## Data provided

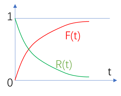 - 故障分布函数(故障概率,不可靠度) F(t) = P(T
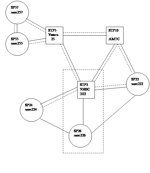 Исходными данными к проекту служат схема ГТС с УВС (рис. 1), на которой необходимо спроектировать ОКС№7 и таблица емкостей пучков каналов между станциями вторичных сетей (табл. 1).
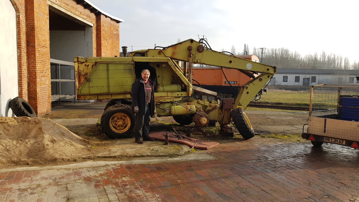 Auch das nächste Fahrzeugprojekt zeichnet sich schon ab. Da unser bisheriger Bagger vor einiger Zeit einen Getriebeschaden erlitten hatte, haben wir uns dazu entschieden, den Reservebagger der Baureihe Fortschritt T174/II wieder zum Leben zu bringen. Am vergangenen Wochenende haben wir ihn schleppfähig gemacht, damit er in Kürze in unsere Werkstatthalle geschoben werden kann

## Problem details
Reproduce the whole listing exactly, but not the images in it.

## Result below
 - 故障分布函数(故障概率,不可靠度) F(t) = P(T
 Исходными данными к проекту служат схема ГТС с УВС (рис. 1), на которой необходимо спроектировать ОКС№7 и таблица емкостей пучков каналов между станциями вторичных сетей (табл. 1).
 Auch das nächste Fahrzeugprojekt zeichnet sich schon ab. Da unser bisheriger Bagger vor einiger Zeit einen Getriebeschaden erlitten hatte, haben wir uns dazu entschieden, den Reservebagger der Baureihe Fortschritt T174/II wieder zum Leben zu bringen. Am vergangenen Wochenende haben wir ihn schleppfähig gemacht, damit er in Kürze in unsere Werkstatthalle geschoben werden kann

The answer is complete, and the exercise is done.